“Harvard faculty vote to limit A grades for undergraduates In a closely watched vote, the faculty took strong action to combat grade inflation “
”Harvard faculty voted to cap the number of A grades given to undergraduates, hoping to reverse years of grade inflation with a mandated change. The vote, reported Wednesday, is the most prominent symbol of a reckoning at some elite schools concerned by the increasing number of A’s — a widespread issue that some faculty members warn is fundamentally damaging the integrity of education. “This is a consequential vote,” said Amanda Claybaugh, dean of undergraduate education. “It will, I believe, strengthen the academic culture of Harvard; it will also, I hope, encourage other institutions to confront similar questions with the same level of rigor and courage.”
From The Harvard Crimson, without any subscription or email address wall, and a link to a page with the actual proposal that was voted on:
It passed with 69.5% of the faculty votes cast.
Note that the 20% + 4 limitation on A grades does not include A- grades (which are 3.67 in calculating GPA for Harvard purposes, although professional schools like medical and law schools have their own grade point values for them).
Not surprising: “Students overwhelmingly disapproved of the proposal. Nearly 85 percent of respondents to a February survey administered by the Harvard Undergraduate Association said they disapproved of the proposal.”

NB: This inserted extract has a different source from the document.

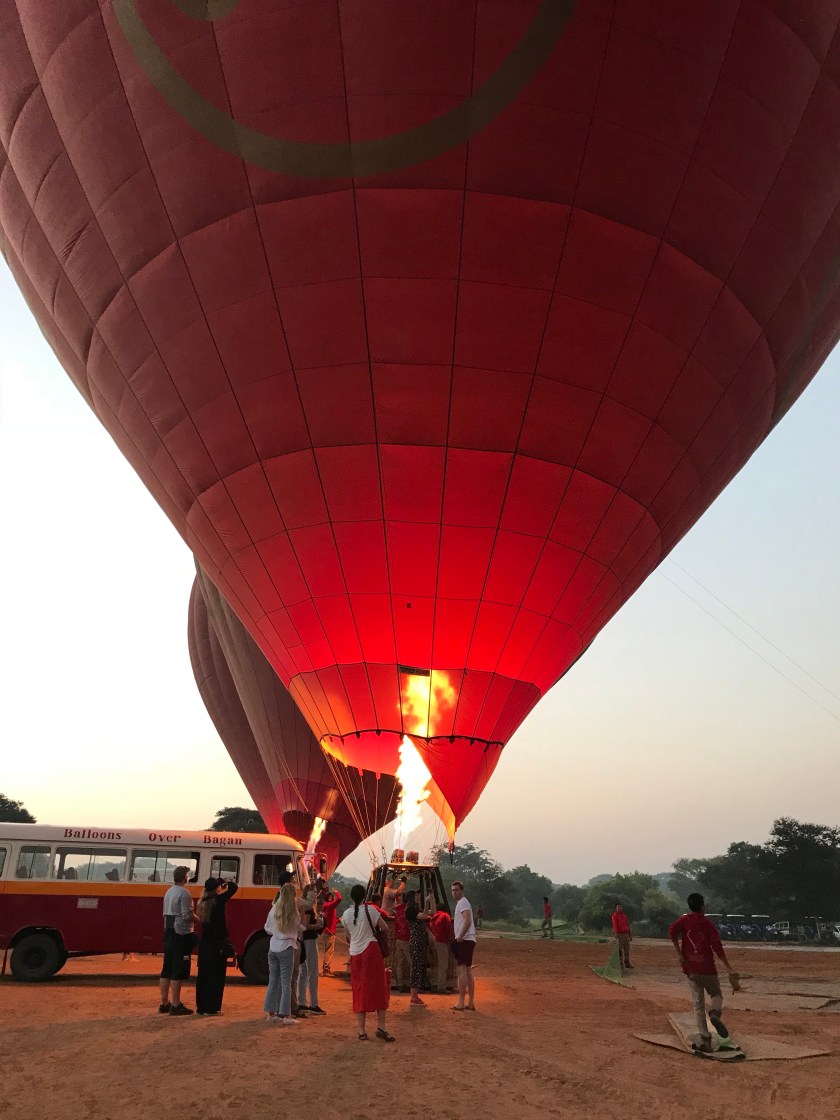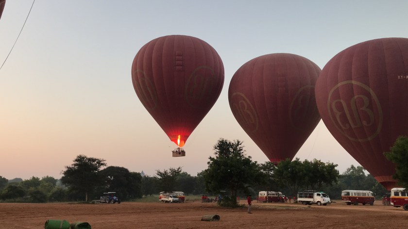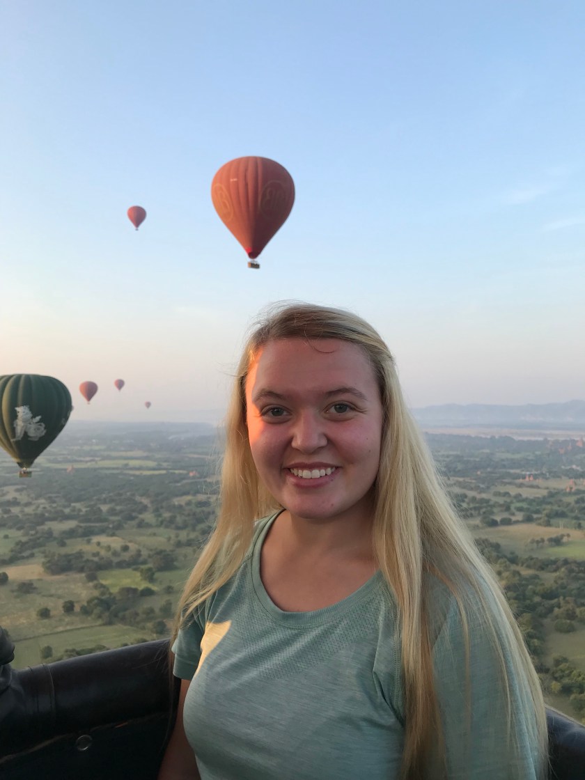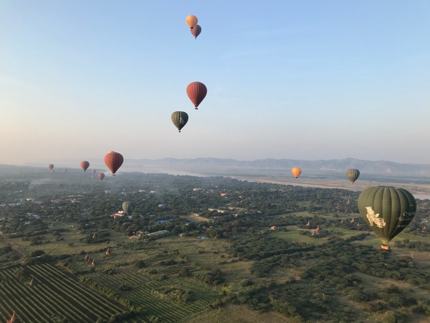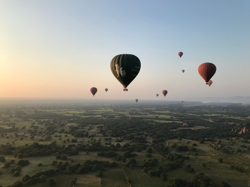 As the sun peeked it’s head above the horizon, I was floating through the sky and looking down at the gold and green city of Bagan waking up for the day. There were over 40 other balloons floating over the city with us and people down below waved good morning to our balloons as we passed overhead. There were children chasing after our balloons and yelling up at us with the biggest smiles on their faces until they could no longer keep up with our balloon. If you know me at all, you know very well that I am not a morning person… but waking up before the sunrise and watching the early rays of sunlight cast glowing beams of warm, soft yellow light over the golden pagodas and the temples of Bagan had me appreciating my 4am wake-up call. This unique experience brought me so much joy and amazement for many years to come.

And I agree with this: “An A will once again be what Harvard’s guidelines have long said it is: a mark of extraordinary distinction.”
It would be nice if other universities followed suit so there was some consistency in GPAs for grad programs (and also employment).
On the one hand, in a class full of very strong students, even at the level of Harvard, in some cases there are going to be a few students who stand out as being particularly strong and particularly good at whatever that particular class is teaching. If the entire class gets an A, then there is no way to distinguish these students.Limiting the A’s to 20% of the class while allowing a lot of A- grades seems like a way to do this. Just as one example, a graduate program might prefer to accept a few students who are particularly strong in their major, rather than a few students who were able to get A’s in everything including their worst subjects (such as art history for students majoring in math or engineering or medicine/premed). If every math major gets an A in every math class, how do you know who are the students who deserve to get into a graduate program?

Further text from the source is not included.